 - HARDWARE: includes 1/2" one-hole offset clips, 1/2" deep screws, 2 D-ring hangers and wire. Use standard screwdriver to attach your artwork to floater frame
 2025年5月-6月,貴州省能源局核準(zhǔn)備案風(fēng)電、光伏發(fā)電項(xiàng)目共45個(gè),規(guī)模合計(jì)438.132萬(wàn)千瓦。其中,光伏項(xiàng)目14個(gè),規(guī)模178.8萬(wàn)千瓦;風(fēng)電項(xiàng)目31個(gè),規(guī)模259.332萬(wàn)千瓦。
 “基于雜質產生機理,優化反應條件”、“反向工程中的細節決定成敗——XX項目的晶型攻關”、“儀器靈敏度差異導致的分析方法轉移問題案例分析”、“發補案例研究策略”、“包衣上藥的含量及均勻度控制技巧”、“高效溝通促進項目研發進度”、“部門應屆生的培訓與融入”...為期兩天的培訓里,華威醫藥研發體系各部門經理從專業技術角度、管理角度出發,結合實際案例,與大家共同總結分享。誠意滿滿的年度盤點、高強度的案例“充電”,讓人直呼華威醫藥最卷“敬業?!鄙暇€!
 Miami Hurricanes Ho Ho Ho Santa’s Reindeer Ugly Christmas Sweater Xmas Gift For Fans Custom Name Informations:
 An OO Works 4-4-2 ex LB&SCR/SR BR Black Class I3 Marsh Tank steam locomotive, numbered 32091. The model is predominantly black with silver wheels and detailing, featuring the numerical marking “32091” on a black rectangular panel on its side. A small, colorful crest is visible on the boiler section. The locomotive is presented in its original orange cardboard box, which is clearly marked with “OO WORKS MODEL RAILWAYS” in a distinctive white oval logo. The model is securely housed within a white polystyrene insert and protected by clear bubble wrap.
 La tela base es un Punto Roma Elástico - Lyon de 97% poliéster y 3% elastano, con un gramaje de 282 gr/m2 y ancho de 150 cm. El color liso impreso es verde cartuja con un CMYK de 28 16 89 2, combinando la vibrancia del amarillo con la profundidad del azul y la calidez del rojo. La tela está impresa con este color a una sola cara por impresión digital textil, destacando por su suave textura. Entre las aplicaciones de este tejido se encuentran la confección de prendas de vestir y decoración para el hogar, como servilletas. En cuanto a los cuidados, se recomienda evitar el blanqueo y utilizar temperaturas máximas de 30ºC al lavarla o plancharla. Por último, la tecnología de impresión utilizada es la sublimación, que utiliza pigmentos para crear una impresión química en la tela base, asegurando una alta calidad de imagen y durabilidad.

-.-.-

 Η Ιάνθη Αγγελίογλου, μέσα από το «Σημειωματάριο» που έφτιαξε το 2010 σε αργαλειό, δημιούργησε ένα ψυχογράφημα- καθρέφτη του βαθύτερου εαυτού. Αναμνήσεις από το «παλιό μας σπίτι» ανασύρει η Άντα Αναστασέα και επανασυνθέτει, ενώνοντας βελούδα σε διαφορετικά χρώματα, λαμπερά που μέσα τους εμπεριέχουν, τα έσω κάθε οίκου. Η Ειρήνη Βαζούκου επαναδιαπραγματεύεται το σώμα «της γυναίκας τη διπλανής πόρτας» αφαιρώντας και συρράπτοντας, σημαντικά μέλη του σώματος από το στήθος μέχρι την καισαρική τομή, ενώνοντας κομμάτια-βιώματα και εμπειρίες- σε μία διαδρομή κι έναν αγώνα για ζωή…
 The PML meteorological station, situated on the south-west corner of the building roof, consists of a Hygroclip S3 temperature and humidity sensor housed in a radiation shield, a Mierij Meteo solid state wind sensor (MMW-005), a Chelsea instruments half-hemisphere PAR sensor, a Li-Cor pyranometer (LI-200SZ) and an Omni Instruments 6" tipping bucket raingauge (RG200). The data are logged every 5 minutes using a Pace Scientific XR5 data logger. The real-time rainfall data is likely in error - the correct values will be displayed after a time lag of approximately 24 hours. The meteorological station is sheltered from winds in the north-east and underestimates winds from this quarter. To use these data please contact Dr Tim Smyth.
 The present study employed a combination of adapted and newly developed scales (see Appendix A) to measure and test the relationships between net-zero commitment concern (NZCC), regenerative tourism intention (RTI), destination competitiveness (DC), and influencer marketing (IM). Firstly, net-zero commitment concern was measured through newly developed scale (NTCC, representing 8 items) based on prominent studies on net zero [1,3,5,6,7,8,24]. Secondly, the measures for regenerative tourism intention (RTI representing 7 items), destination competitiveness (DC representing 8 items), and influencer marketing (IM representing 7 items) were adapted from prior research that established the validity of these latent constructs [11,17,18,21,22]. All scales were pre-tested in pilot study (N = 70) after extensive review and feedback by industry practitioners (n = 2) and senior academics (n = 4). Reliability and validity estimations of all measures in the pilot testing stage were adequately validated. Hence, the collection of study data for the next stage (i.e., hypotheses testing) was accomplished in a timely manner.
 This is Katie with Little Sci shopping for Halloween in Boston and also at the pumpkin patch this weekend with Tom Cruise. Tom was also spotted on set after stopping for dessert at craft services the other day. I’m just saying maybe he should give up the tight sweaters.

-.-.-

Given the data above, transcribe exactly the lines from the one containing "- HARDWARE: includes" down to the one containing "An OO Works", and no others.

 - HARDWARE: includes 1/2" one-hole offset clips, 1/2" deep screws, 2 D-ring hangers and wire. Use standard screwdriver to attach your artwork to floater frame
 2025年5月-6月,貴州省能源局核準(zhǔn)備案風(fēng)電、光伏發(fā)電項(xiàng)目共45個(gè),規(guī)模合計(jì)438.132萬(wàn)千瓦。其中,光伏項(xiàng)目14個(gè),規(guī)模178.8萬(wàn)千瓦;風(fēng)電項(xiàng)目31個(gè),規(guī)模259.332萬(wàn)千瓦。
 “基于雜質產生機理,優化反應條件”、“反向工程中的細節決定成敗——XX項目的晶型攻關”、“儀器靈敏度差異導致的分析方法轉移問題案例分析”、“發補案例研究策略”、“包衣上藥的含量及均勻度控制技巧”、“高效溝通促進項目研發進度”、“部門應屆生的培訓與融入”...為期兩天的培訓里,華威醫藥研發體系各部門經理從專業技術角度、管理角度出發,結合實際案例,與大家共同總結分享。誠意滿滿的年度盤點、高強度的案例“充電”,讓人直呼華威醫藥最卷“敬業?!鄙暇€!
 Miami Hurricanes Ho Ho Ho Santa’s Reindeer Ugly Christmas Sweater Xmas Gift For Fans Custom Name Informations:
 An OO Works 4-4-2 ex LB&SCR/SR BR Black Class I3 Marsh Tank steam locomotive, numbered 32091. The model is predominantly black with silver wheels and detailing, featuring the numerical marking “32091” on a black rectangular panel on its side. A small, colorful crest is visible on the boiler section. The locomotive is presented in its original orange cardboard box, which is clearly marked with “OO WORKS MODEL RAILWAYS” in a distinctive white oval logo. The model is securely housed within a white polystyrene insert and protected by clear bubble wrap.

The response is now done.